Plan release cycles by organizing user stories into a step-by-step segmented flow
Core team, stakeholders
We use story mapping to collaboratively translate the users’ journey into tasks, broken down into epics and user stories as we transition from Discovery & Framing to delivery. This helps us to sequence user tasks, create a prioritized product backlog and chunk initial product releases. A story map also creates shared understanding about the functionality of the product.
During inception, to translate Discovery & Framing outcomes (likely a product prototype and user journeys) into a prioritized product backlog.
Before mapping, create a short product or feature brief to frame and constrain what you map. Think of this as the big story. What is the product you are creating or the problem you are solving? Who are the customers or users? How does each user benefit? Why are you interested in building this and how do you benefit?
Hand out a stack of stickies (of the same color) to each of the participants. Explain that everyone is going to use these stickies to tell the story of the product through user tasks.
Tip: The story should start with the first action your “primary user” takes. As the story unfolds, other users may need to be weaved into the story. That’s fine! (Sometimes, from a narrative perspective, it makes sense to weave in the computer or device as a user too!) Just make sure participants note which users are taking the action on a given sticky.
Give everyone a few minutes to silently generate user tasks that together compose the narrative flow of the product or solution.
Tip: At this point, it’s important to remain a mile wide and inch deep. Getting the full scope of the story is more important at this point than getting all the granular detail.
Start putting user tasks on the whiteboard by asking each participant for a task, one at a time. If there are duplicates, use the one that best captures the step and discard the rest.
Tip: Focus on a single happy path for this step. We will incorporate secondary actions later.
Check with the group after adding each task to make sure the order feel rights and critical tasks have not been skipped.
Optional: Use stickies to label groups of user stories by their corresponding epic.
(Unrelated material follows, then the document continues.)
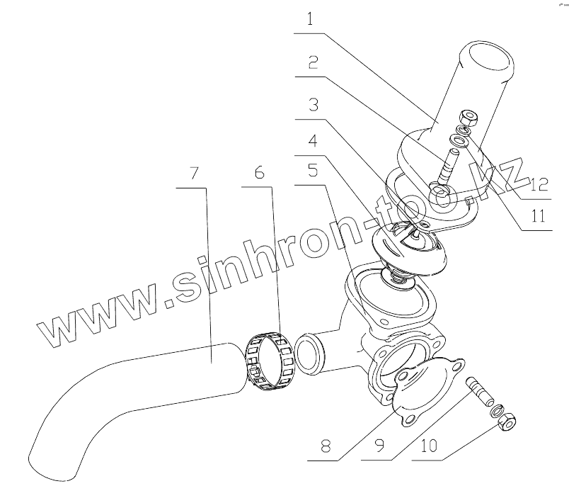 Каталог запасных частей к технике: Yuchai YC6J125Z-T20. J8000-1306000/05 Thermostat Assembly

Have the participants to come up to the whiteboard and engage with the map. Ask them to think about variations or deviations from the “happy path” already outlined.
Tip: Play “wouldn’t it be cool if?” and feel free to go as blue sky as you’d like. Add in product details, like proposed UI or business rules.
Ask the participants to write these secondary tasks on stickies and place them underneath the backbone stickies in the appropriate order.
Decide how many releases you’d like to divide the map into (you can always adjust this later).
Use the tape to slice the story map into segments (releases) of user stories that will provide relatively equal value.
Define the goal of each release and write it next to each corresponding release.
Reassess the placement of each user story. Move stories if necessary.
You’re done when the team feels like they have an accurate representation of what will be built and a backlog of users stories.
A user task is a short verb phrase like “read an email” or “respond to a message”. Don’t get too detailed. Stick to tasks at the functional level. This means the resolution of the task is right when it’s as big as it can be without a person plausibly taking a break in the middle of it. (e.g. In the story of my daily routine, a task might be “taking a shower”. “Changing the temperature” of the shower is too detailed (sub-functional) while “Getting ready for work” is too broad.
Work on the happy path first. Then in the deep dive portion, capture the alternative paths a user might take through the product.